If you’re anything like two-thirds of Americans, you’re actively trying to lose weight. And if you’re anything like 80% of people, this isn’t your first weight-loss rodeo. After all, it’s estimated that only about 1 in 5 overweight individuals is at long-term weight-loss maintenance.
Simply put, the odds suggest that you’re in the same boat as most people: You’ve likely lost weight (maybe more than once) only to regain some of most of it. Of course, there’s a whole other category of folks who’ve jumped ship altogether — moving from one health and fitness intervention to another without ever making much serious progress.
If you’re like the typical person — most people have tried at least 5 different types of diets, exercise programs etc. — you are not a failure; you’re tenacious and resilient.
Now is not the time to give up. Despite how frustrated and hopeless you may feel, success is possible. There are countless other people more who were in the same boat — more like you than you might think — who have ended up achieving remarkable results by sticking with it.
The key is finding what works, and for many people that means…
- Exercise alone isn’t enough
- Connection with others is vital (you need social support)
- You don’t have to do it alone (you need accountability from a coach)
- Counting calories isn’t going to work
- Little packaged meals aren’t the long-term solution
- Less, not more
- Slower, not faster
- A holistic focus over weight loss
- Mind over diet
At the end of the day, if you’re the type of person who’s had a frustrating time losing weight, the program that’s going to work for you…
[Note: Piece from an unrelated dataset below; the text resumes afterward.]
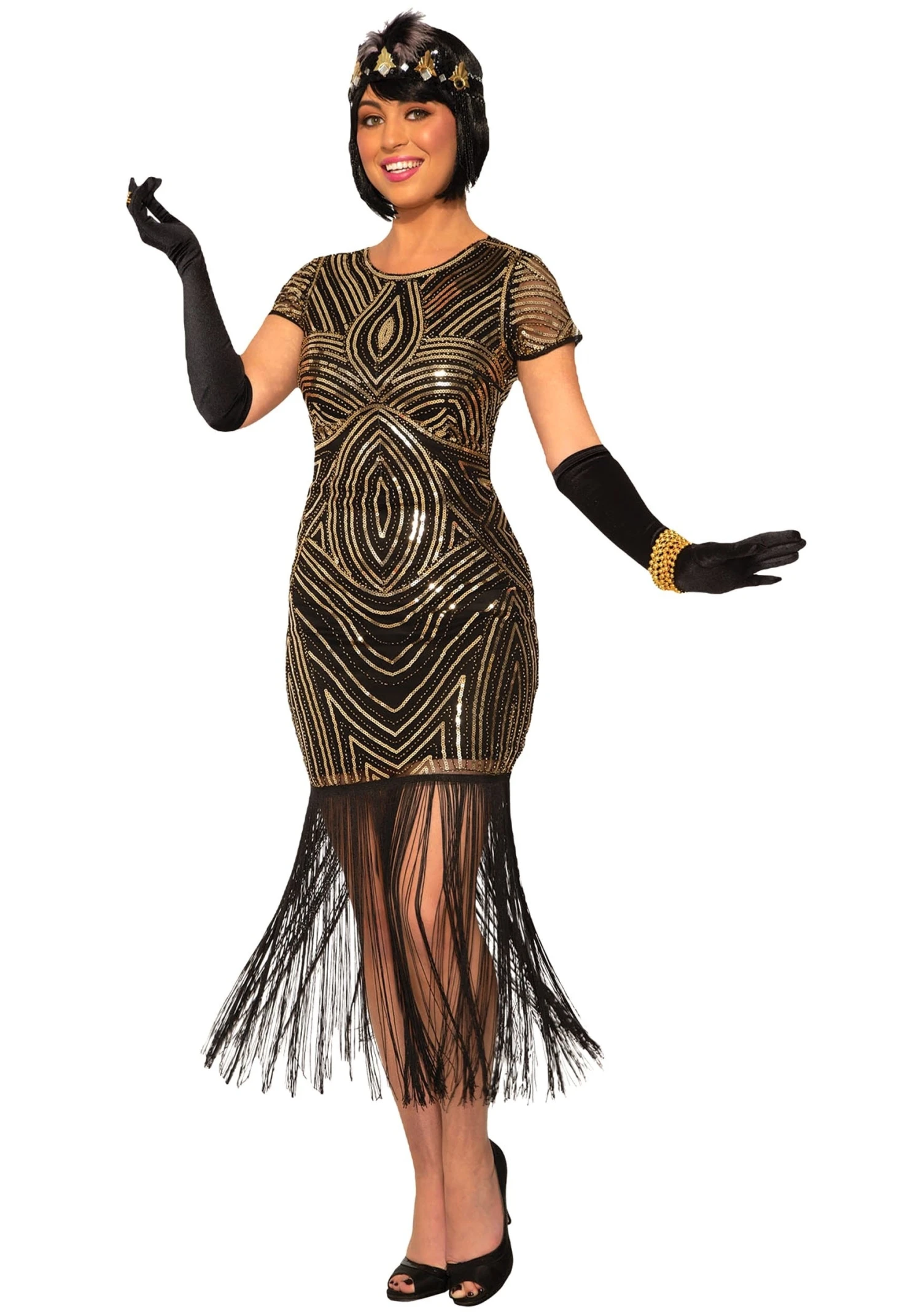 This gold and black Art Deco Flapper dress has a sequined pattern and a gorgeous fringe trimming.Â

- Is sustainable over quick
- Will hold you accountable vs. provide cheap solutions
- Encourages whole foods over supplements or packaged foods
- Prioritizes nutrition over exercise (although both are important)
- Involves giving up control or handing over control even over getting in control
The take-home point is that if you’ve gone down the weight-loss road a time or two, you are not a failure. You’re resilient and tenacious. Instead of viewing past experiences as failures, leverage them as learning opportunities. What has worked well for you in the past? What things haven’t worked so well? Knowing what you know — about yourself — how can you approach this weight-loss rodeo so you come out a long-term winner?